If “doing good” (probably on utilitarian terms) is the purported goal of such AI value alignment efforts, then I believe there are vastly greater vistas of “good” for humanity to ultimately consider – particularly once post-human intelligences are commonplace.

In this article, I’ll break down why value alignment is ultimately intractable, some alternatives to value alignment, and some potential approaches to “doing good” that might be much higher pursuits than value alignment.

I’ve broken this essay into the following subsections:

  • “A.I. Value Alignment” is Almost Certainly Intractable
  • The Feeble Attempts at Discerning “The Good”
  • Must We “Align” the World to Hominids?
  • The Epitome of Freedom – an A.I. Value Alignment Alternative
  • The Risks of the Epitome of Freedom
  • A.I. Value Alignment – Still Useful in the Near-Term
  • Conclusion

I’ll begin by addressing the challenges with value alignment itself:

“A.I. Value Alignment” is Almost Certainly Intractable

Much of this article is based on some reflections after reading Roman Yampolskiy’s recent ArXiv article titled: “Personal Universes” (check it out here). Roman was kind enough to reference my 2013-2014 “Epitome of Freedom” essay in that article, and after reading many of his other sources, I wanted to address the topic of “personal universes versus value alignment” in greater depth.

We’ll start with a quote from Roman’s article:

“State-of-the-art research in value alignment shows difficulties in every stage in this process, but merger of incompatible preferences is a particularly difficult challenge to overcome.

I would argue that it is un-overcome-able. There is no way to ensure that an super-complex and constantly evolving value system will “play nice” with any other super-complex evolving value system.

If human beings are permitted to get cognitive enhancements of any kind they want (enhancing their creativity, changing their senses or emotions, expanding their abilities in any direction), it’ll certainly result in tremendous violence.
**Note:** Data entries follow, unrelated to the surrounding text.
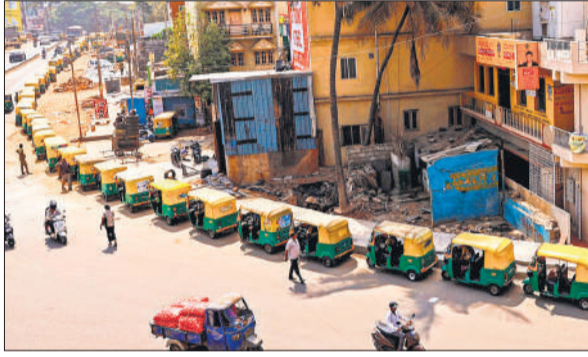
बंगलुरु के एक पेट्रोल पंप पर शुक्रवार को एलपीजी भरवाने के लिए लगी टैपो की कमी।

पश्चिम एशिया संकट ने होर्मुज जलडमरूमध्य से तेल और गैस ले जाने वाले जहाजों की आवाजाही को बाधित कर दिया है। इससे खाना पकाने की गैस की आपूर्ति को लेकर चिंताएं बढ़ गई हैं और लोग इंडक्शन हीटर और उसके अनुकूल बर्तन खरीद रहे हैं। बैठक में वाणिज्य एवं उद्योग मंत्री गोयल के साथ ऊर्जा सचिव, विदेश व्यापार महानिदेशक (डीजीएफटी) और उद्योग एवं आंतरिक व्यापार संवर्धन विभाग (डीपीआईआईटी) के सचिव सहित वरिष्ठ अधिकारियों शामिल हुए। एक अधिकारी ने बताया कि बैठक में चर्चा की गई कि इंडक्शन हीटर और उससे जुड़े इंडक्शन कुकर जैसे बर्तनों का उत्पादन किस तरह तेजी से बढ़ाया जा सकता है।
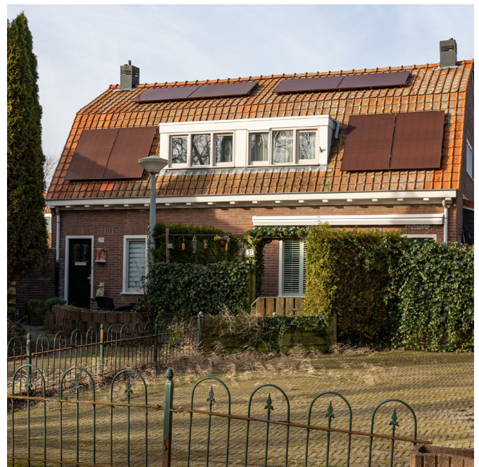
Voorbeelden van zonnepanelen in rijksbeschermd stadsgezicht in Amsterdam Noord
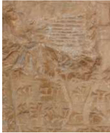
شکل ۹. چنگ کول فره
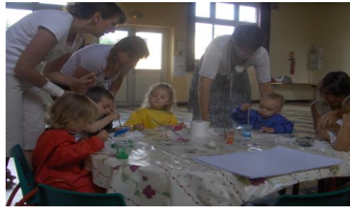
Peinture sur galets à Douvres
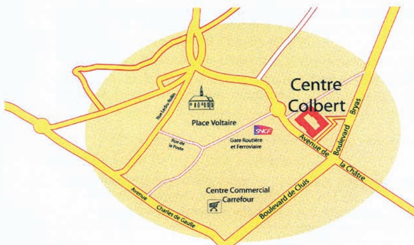
Plan d'accès au Centre Colbert

Horaires d'ouverture de la MDPH : Lundi au vendredi : 8 H 30 à 17 H 15 sans interruption
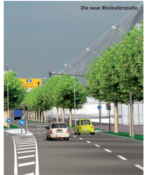
Die neue Rheinuferstraße.

ausgewiesen. So weisen an den Stadteingängen sowie am Rheingönheimer Kreuz auf der B 9 großflächige Schilder mit dem Text „Stadtumbau – Aufbruch am Rhein“ und dem Aktionslogo „heute für morgen“ auf die Verkehrserschließungsarbeiten hin. Über 70 normale Verkehrsumleitungsschilder, die ebenfalls mit dem Aktionslogo „heute für morgen“ versehen sind, weisen dann kleinräumig den Weg. Alle Informationen rund um die Umleitungsempfehlungen können unter www.ludwigshafen.de und www.heutefuermorgen.de im Internet abgerufen werden. Auch informieren Flyer über die Umleitungen und die jeweiligen Bauabschnitte. Die Flyer liegen in den Bürgerbüros sowie im Infozentrum Stadtumbau, Rathausplatz 10 und 12, aus.
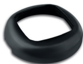
ART. P250003 Anello zavorra 8 kg Weight 8 kg
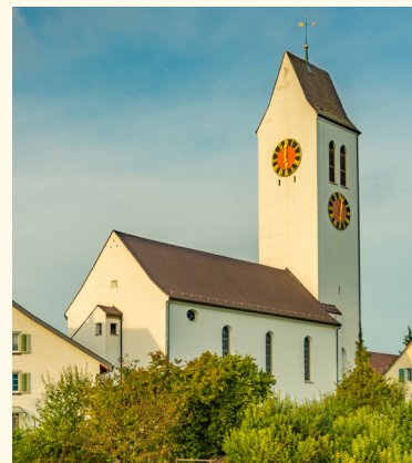
Die Kirche Ossingen

Poststrasse 6, 8462 Rheinau rahel.schoenberger@kirche-wm.ch 078 711 35 07
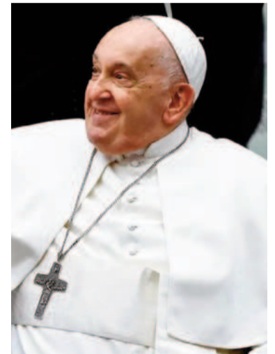
En la misma semana, el Papa recibe a la CGT y a Sandra Pettovello.

Junto a Daer y Moyano, que harán entrega al Papa de un documento que expresa su preocupa-
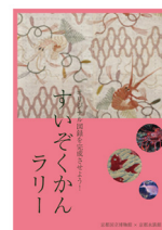
すいぞくかんラリーシート
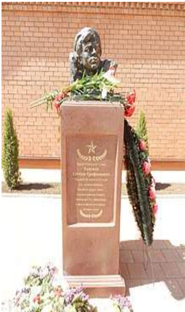
Памятник Степану Голеневу в г. Николаеве
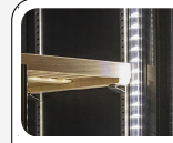
Luce interna LED verticale
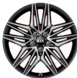
225/40R predné 255/35R zadné 19-palcové disky kolies
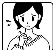
繊維刺激のカユミ
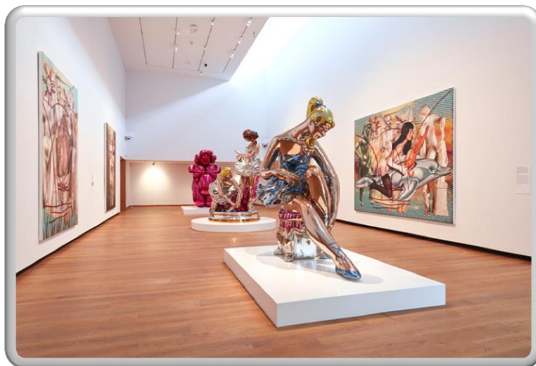
At The Ashmolean Exhibit (Jeff Koons)

موزه ها به عنوان یک پدیده نوظهور در دنیای هنر نقش ها و کارکردهای گوناگون و متفاوتی را بر عهده دارند. کارکردهایی از جمله نمایش آثار، نگه داری، آموزش و پرورش را می توان بر شمرد که موزه ها را بیش از پیش به یک نهاد اجتماعی موثر و تاثیرگذار بر جنبه های گوناگون جوامع امروزی تبدیل کرده است. ( نوظهور بودن موزه به عنوان یک نهاد فرهنگی، اجتماعی با نهادینه شدن موزه ها در اروپا با گشودن مجموعه های خصوصی به روی مردم در دوره رنسانس، سده های ۱۷ و ۱۸ میلادی، انقلاب صنعتی در انگلستان و اروپا آغاز شد. و تداوم آن با گشایش موزه آشمولین در آکسفورد انگلستان و موزه لوور در پاریس فرانسه ادامه یافت. موزه در ایران به عنوان یک نهاد رسمی فرهنگی، اجتماعی با تاسیس موزه ایران باستان در سال ۱۳۱۶ خورشیدی در ایران ظهور کرد. )
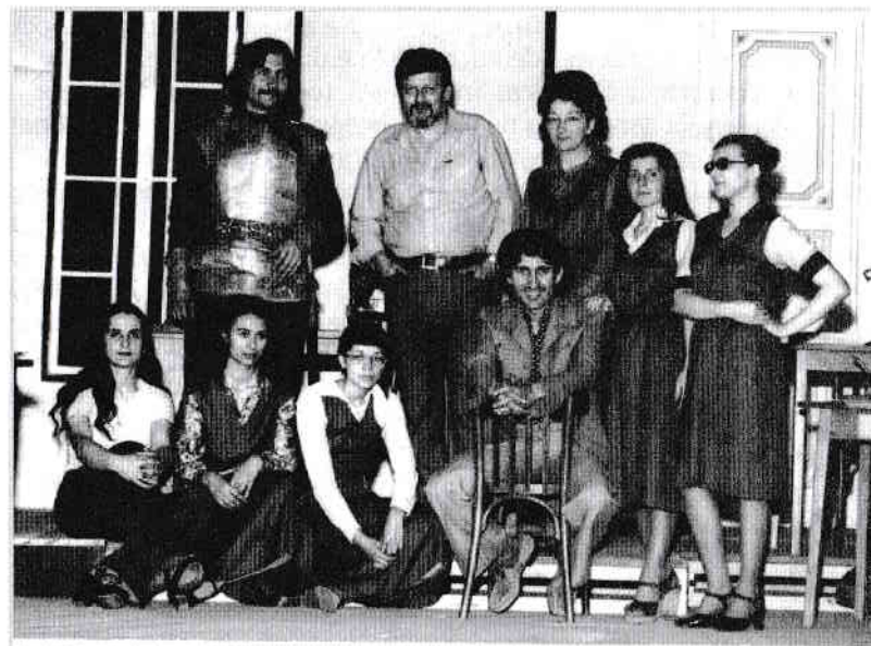
Teatru la Palatul Culturii Pitești
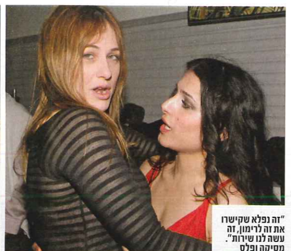
"זה נפלא שקישרו את זה לרימון, זה עשה לנו שירות". מסיקה ופולס
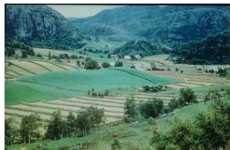
Utsikt en sommerdag mot garden Birkeland.
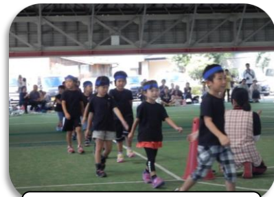
10/3 燧洋幼稚園運動会
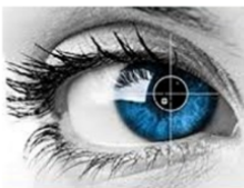
(Holmqvist u. a., 2011)

Schauen wir ein Video, betrachten ein Bild oder lesen einen Text, vollführen unsere Augen Bewegungen. Diese Blickbewegungen sind in vielen Wissenschaften von großem Interesse. Wir können unter Verwendung eines Eye-Trackers Daten über Blickbewegungen erheben und danach mit geeigneter Software analysieren. In diesem Beitrag widmen wir uns unter anderem den Fragen „Welche Bewegungen verüben unsere Augen beim Lesen?“, „Wie lassen sich Eye-Tracking-Daten geeignet darstellen?“, „Unterscheidet sich der Leseprozess eines Profis von dem eines Anfängers beim Lesen eines mathematischen Texts?“
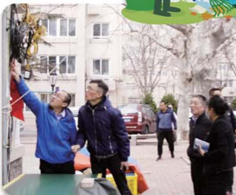
现场巡查相关问题。
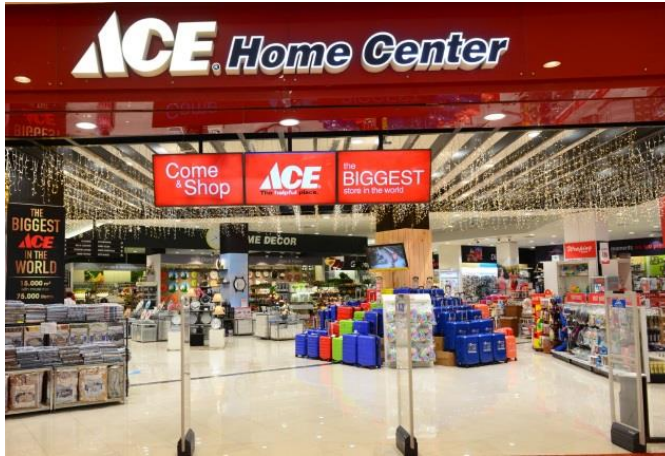
Gambar 1. 8 Tampilan Depan Gerai Ace Hardware

Sumber : www.acehardware.co.id diunduh pada tanggal 27 Januari 2019
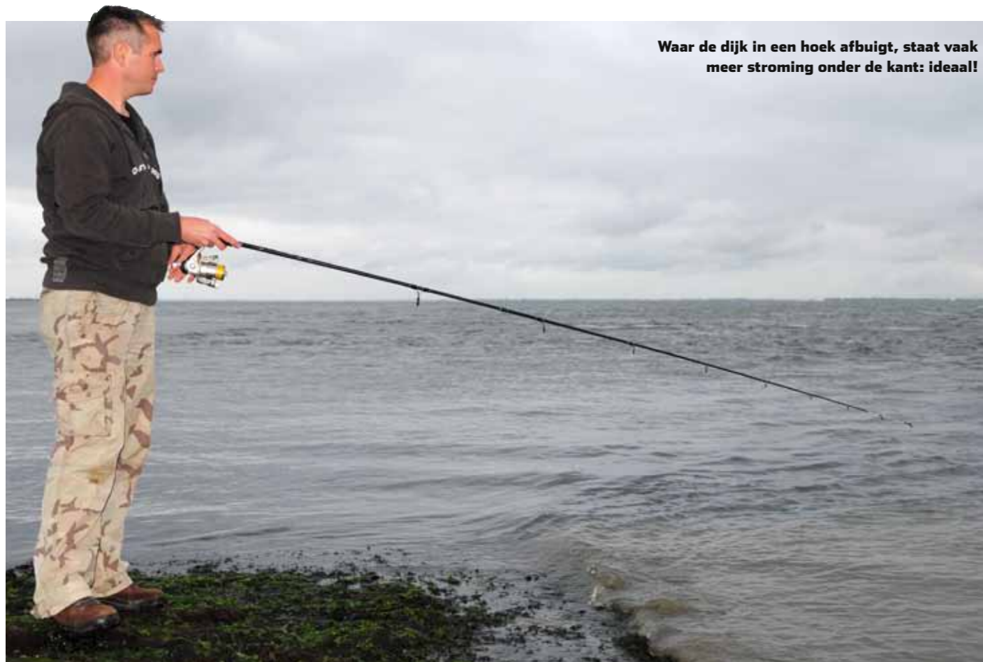
Waar de dijk in een hoek afbuigt, staat vaak meer stroming onder de kant: ideaal!

staat. Van wind is de makreel absoluut niet bang, met windkracht 4 op de kant jagen ze nog volop. Mooie bijkomstigheid is dat zich onder zulke omstandigheden ook nog veel eens een mooie zeebaars vergist in je aas.
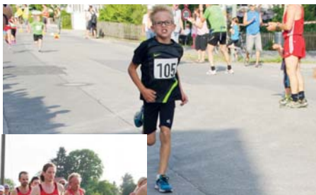
Zielankunft beim Kinderlauf
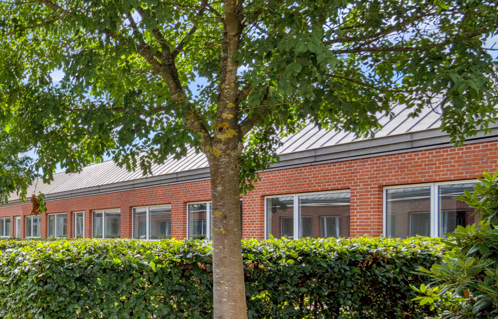
Ejendommen set udefra
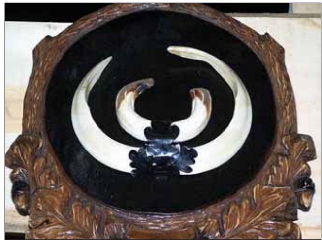
Slika 2. Prerasli sjekač, primjerak izložen na 10. Nacionalnoj izložbi trofeja, Zagreb

Kada govorimo o pregledu do sada uočenih patoloških promjena na kljovama veprova, valja istaći kako je riječ o divljim svinjama Europe, s obzirom da se pod sličnim nazivima mogu naći i divlje svinje u drugim krajevima svijeta, od kojih su poneke nastale tek pukim podivljavanjem domaćih svinja, te čak ne posjeduju
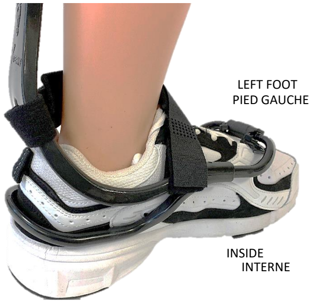
LEFT FOOT PIED GAUCHE
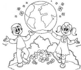
Me gusta cuidar el planeta.
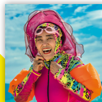
A : Sécurité | B : Écllosion | C : Moyens D : Safari | E : .....
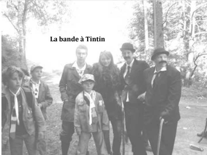
La bande à Tintin

Au menu, grand jeu et fiesta ! Tintin est aux aguets, alors que Rastapopoulos a plus de pouvoir que jamais... Article écrit par les Espagnols.
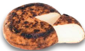
Ricotta Dura al Forno (l'etto)
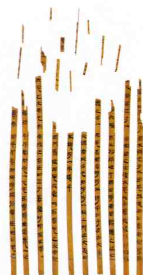
书籍简 Slips with Readings

The same is likely to be the case with multiple AIs.

This is all the more the case when:

  • The systems evolve and grow with time, build upon themselves
  • The desired end-goals of the systems require resources, and freedom from threats
  • The intelligence strives for greater degrees of freedom of action (I always enjoyed Wissner-Gross’ TEDx talk in highlighting this point – which I think inadvertently highlights the challenges of multiple AGI existing without massive conflict)

All of this is speculation, of course. I am making some pivotal assumptions here.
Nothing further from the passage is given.